What is being asked:
None of the pictures should be copied, though every line of the listing must be printed exactly.

Collected material:
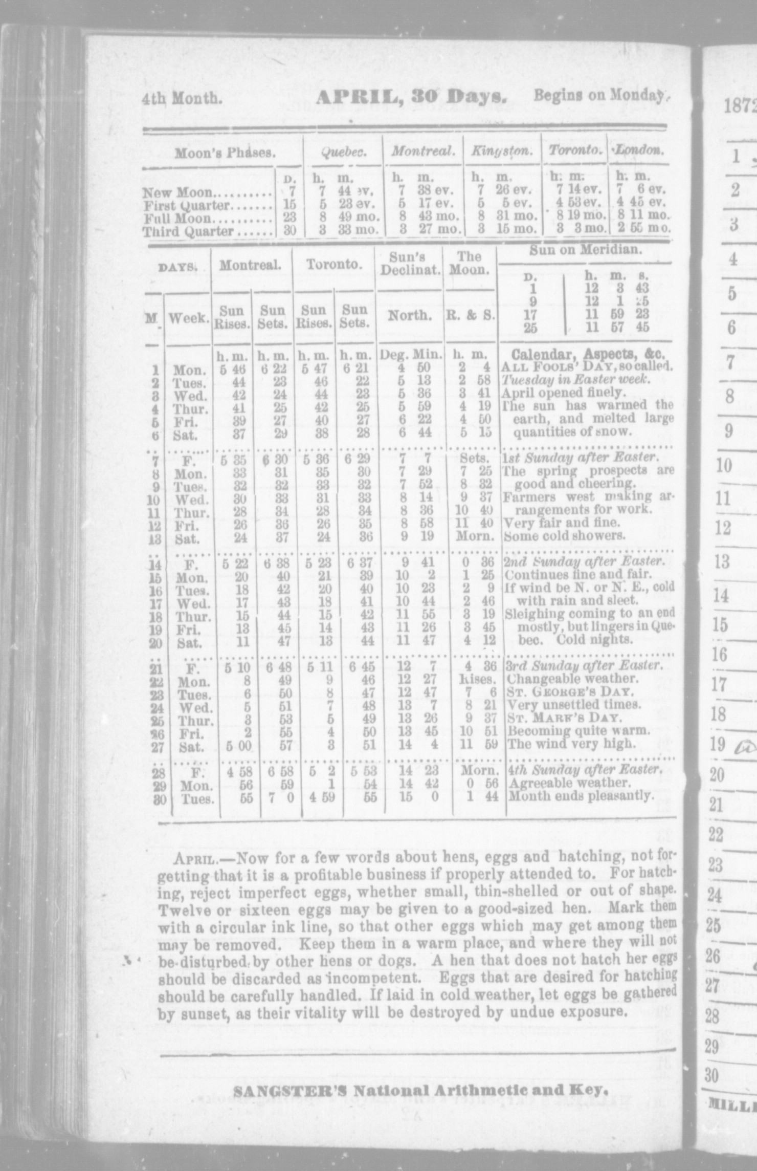 Miller's Canadian farmers' almanac for the year of our Lord 1872 : 1872
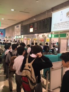 やっぱり,はじめてのセキュリティチェックにどのクラスもドキドキ!!無事全員,問題なく搭乗できるでしょうか?これもあまりできない体験ですね。さあ,いよいよ30分後には,沖縄に向けて,洛中生を乗せてANA765便が伊丹空港を離陸です。
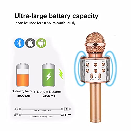 【Charge is Long Lasting】Built-in 1800mAh rechargeable battery allows you listen the music of 12 hours or sing of 4 hours in a fully charge. It is not too heavy and wireless. It can be taken anywhere for an instant karaoke party. You will enjoyed singing with this extraordinary microphone!
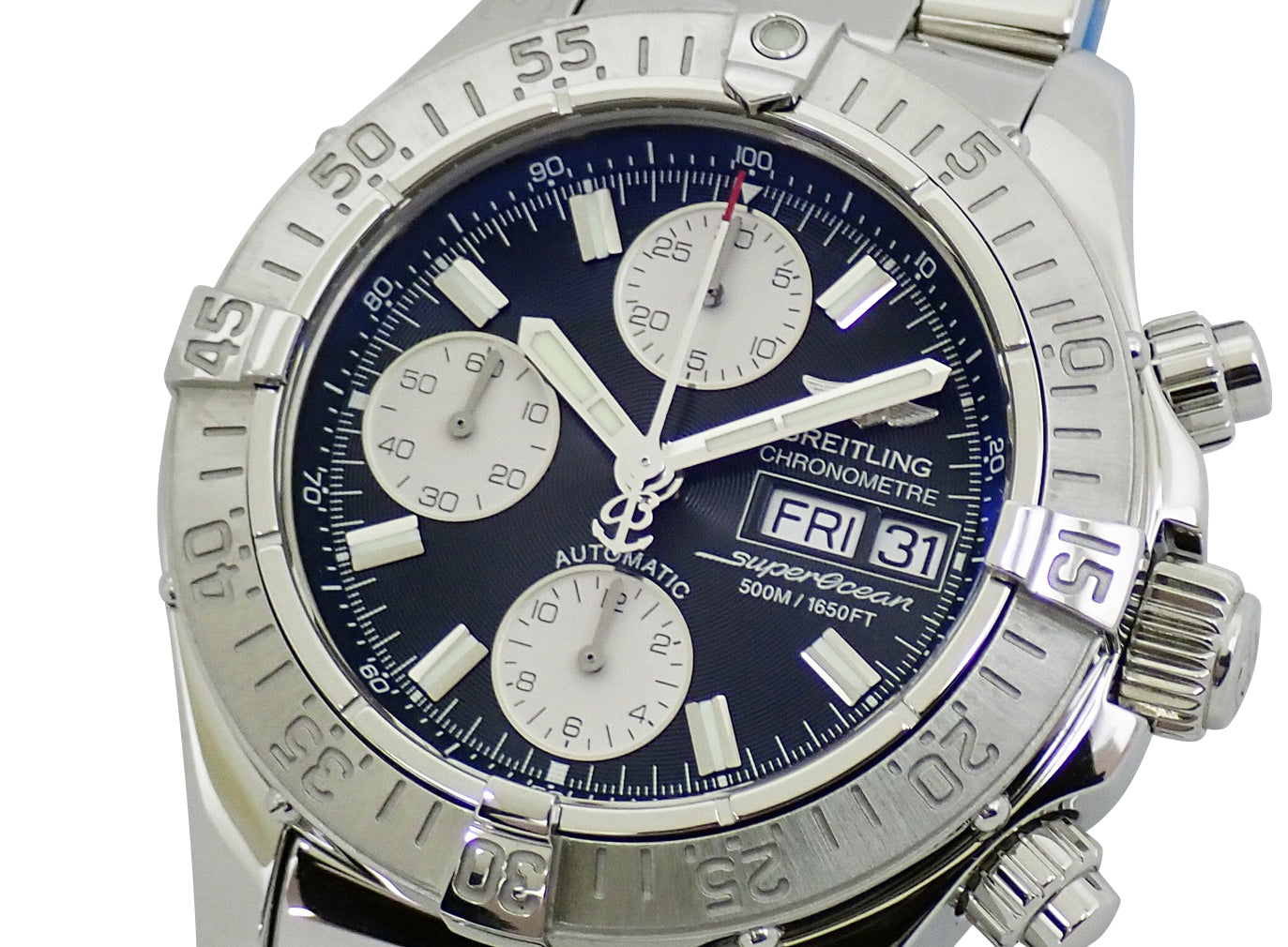 ブライトリングを代表する現代的なスタイルのダイバーズウォッチコレクション「スーパーオーシャン」。500mの防水性能にデイ・デイト表示とクロノグラフ機能も搭載した機能的なモデルです。

Task result:
 Miller's Canadian farmers' almanac for the year of our Lord 1872 : 1872
 やっぱり,はじめてのセキュリティチェックにどのクラスもドキドキ!!無事全員,問題なく搭乗できるでしょうか?これもあまりできない体験ですね。さあ,いよいよ30分後には,沖縄に向けて,洛中生を乗せてANA765便が伊丹空港を離陸です。
 【Charge is Long Lasting】Built-in 1800mAh rechargeable battery allows you listen the music of 12 hours or sing of 4 hours in a fully charge. It is not too heavy and wireless. It can be taken anywhere for an instant karaoke party. You will enjoyed singing with this extraordinary microphone!
 ブライトリングを代表する現代的なスタイルのダイバーズウォッチコレクション「スーパーオーシャン」。500mの防水性能にデイ・デイト表示とクロノグラフ機能も搭載した機能的なモデルです。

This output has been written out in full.